Outside of the Swoosh, Adidas is holding its own with a new Adimule, and the New Balance is going stealthy with its latest 1906R colorway. There is a lot of heat to get through, so let’s just dive into the best sneakers out right now. Happy hunting!

Nike SB Air Max 95 Summit White and Cactus Flower

Nike

Price: $185

The SB Air Max 95 takes the iconic shape and design we all know and love, but builds it out with tougher, skate-ready materials, offering an elevated take on an icon. The Summit White and Cactus Flower sports a suede and leather upper, flexible materials for board flexibility and feel, and a herringbone lugged outsole for a locked-in feel. The colorway features a black to white gradient, bright burgundy hits through the airbag and on the eyelets and tongue, and a gum outsole, for that classic SB look.
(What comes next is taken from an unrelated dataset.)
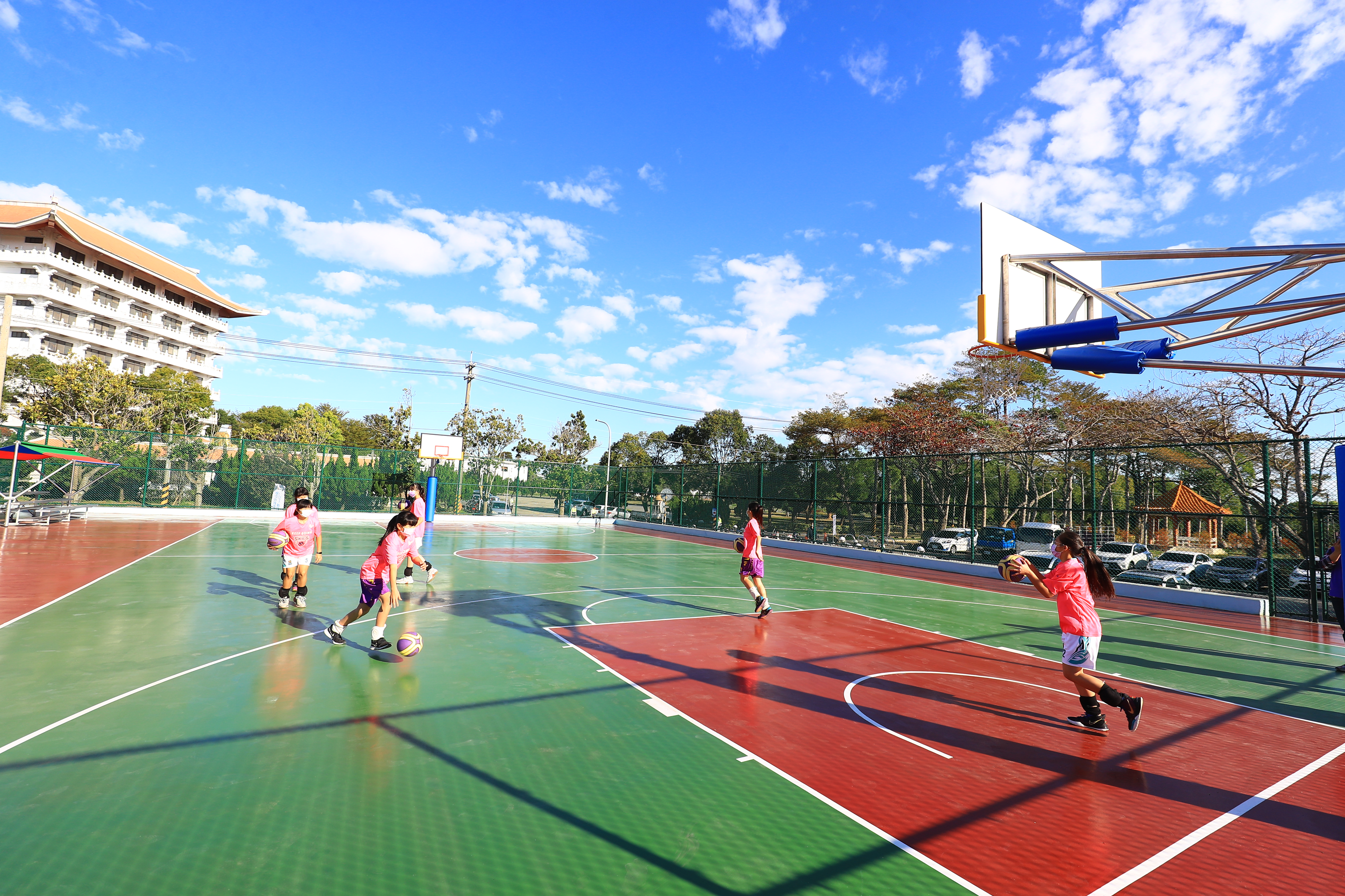 運動局長李昱叡指出,新設籃球場特色為單柱式籃球架,鋪面採用PU富有彈性,大幅降低打球跳躍動作反作用力的衝擊;溜冰場特別使用磨石子地坪,美觀且易清潔,另外,運動場地更有監視攝影機,可即時得知現場使用狀況。
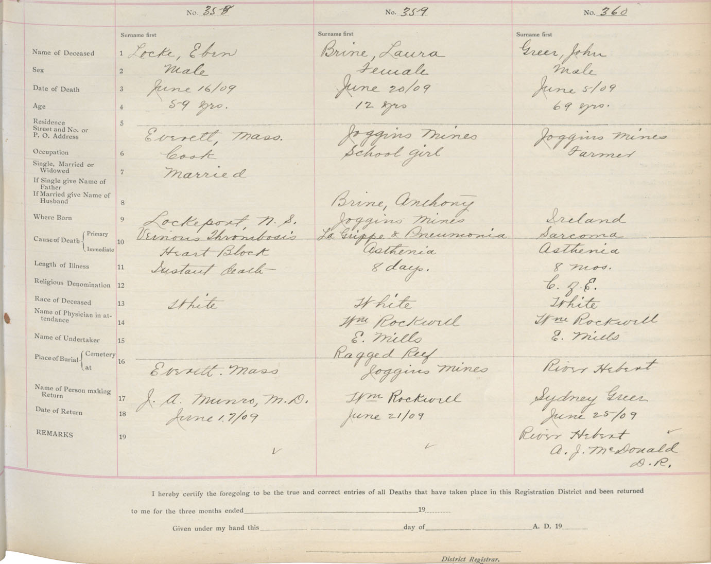 Death Registration: Year: 1909 book: 5 page: 60 number: 360

There is a lot to love here, whether you need the skate functionality or not.

The Nike SB Air Max 95 Summit White and Cactus Flower is set to drop on August 22nd at 7:00 AM PST for a retail price of $185. Pick up a pair via the Nike SNKRS app.

Nike Women’s Total 90 Pale Ivory and Black

Nike

Price: $125

This year brought the Total 90 back into Nike’s roster, 25 years after its first debut. This sneaker, built with the soccer field in mind, sports a snakeskin leather upper, a rare medium-sized swoosh, and a snakeskin-like texture that gives it a luxury look. To make the sneaker street-ready, Nike ditched the cleats in favor of a flat rubber sole. Here is to hoping some of Nike’s other sports-exclusive sneakers get this special treatment.

This week’s Pale Ivory and Black is a Women’s exclusive, which feels incredibly cruel to those of us who have big feet. Hopefully this sells well so we get a wider release.

The Nike Women’s Total 90 Pale Ivory and Black is set to drop on August 22nd at 7:00 AM PST for a retail price of $125. Pick up a pair via the Nike SNKRS app or aftermarket sites like GOAT and Flight Club.

Air Jordan 1 High OG Shattered Backboard

Nike

Price: $185

The Jordan 1 Shattered Backboard is the stuff of legends. We named it one of the AJ-1’s all-time greatest colorways, so if you’re looking to own a piece of footwear history, you’re going to want to snag a pair. Just be prepared to go against just about every other hardcore Jordan fan, because this is a grail through and through.

The sneaker sports a tumbled leather upper, black panels, an orange heel, outsole, and toe box, and a fresh white base.

The Air Jordan 1 High OG Shattered Backboard is set to drop on August 23rd at 7:00 AM PST for a retail price of $185. Pick up a pair via the Nike SNKRS app or aftermarket sites like GOAT and Flight Club.

Nike Kobe 3 Protro Halo

Nike

Price: $210

Two grails in one week? Looks like August is set to dunk on July’s output! The Kobe 3 Protro Halo sports a design lifted from 2007 and infused with breathable mesh, tongue padding, a full-length Air Zoom strobel, and Nike’s plush CushIon 3.0 for a better energy return and a bouncy feel. Something we love about the Kobe Protro models is how they balance functionality and fashion perfectly.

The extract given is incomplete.